Storing and Reheating
I store the squash and chicken separately in airtight containers in the fridge for up to three days, because the squash can get a little watery if it sits with the sauce too long. Reheat the chicken gently in a skillet with a splash of water or broth to keep it moist, and warm the squash in the microwave or a hot pan. If you're making it ahead, roast the squash and prep the chicken earlier in the day, then cook the chicken fresh when you're ready to eat so it stays tender.
- Squeeze fresh lemon over leftovers to bring back the brightness.
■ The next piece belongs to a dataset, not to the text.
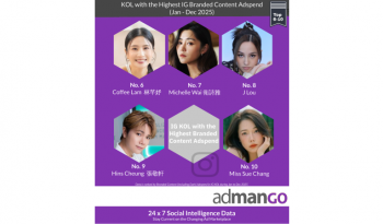 根據admanGo數據顯示,以2025年品牌內容廣告總銷售額計算,十大IG KO

- Add a drizzle of olive oil when reheating the squash to keep it from drying out.
- Top with extra Parmesan and parsley just before serving to make it feel freshly made.
Save This dish taught me that healthy food doesn't have to feel like a sacrifice, and that sometimes the simplest ingredients make the most memorable meals. I hope it becomes one of those recipes you turn to when you want something nourishing that actually excites you.
Saffron Brook Recipe Q&As
- → Can I prepare this dish ahead of time?
Yes, you can roast the spaghetti squash up to 2 days in advance and store it in the refrigerator. Prepare the lemon garlic chicken fresh on the day of serving for the best flavor and texture.
- → What can I substitute for spaghetti squash?
You can use zucchini noodles, regular pasta, or even cauliflower rice for a lower-carb option. Adjust cooking times accordingly based on your chosen substitute.
- → How do I know when the chicken is fully cooked?
The chicken is done when it reaches an internal temperature of 165°F (74°C) when tested with a meat thermometer, or when the pieces are opaque throughout and no longer pink inside.
- → Can I make this dairy-free?
Absolutely. Simply omit the Parmesan cheese or substitute it with a dairy-free alternative. The dish remains flavorful with the lemon, garlic, and fresh herbs.
- → What wine pairs well with this dish?
A crisp Sauvignon Blanc complements the bright lemon and garlic flavors beautifully. Alternatively, try a light Pinot Grigio or a dry Albariño.
- → How do I prevent the spaghetti squash from being watery?
Ensure you roast the squash cut-side down on parchment paper to allow excess moisture to escape. After scraping into strands, let it cool slightly before serving to minimize residual moisture.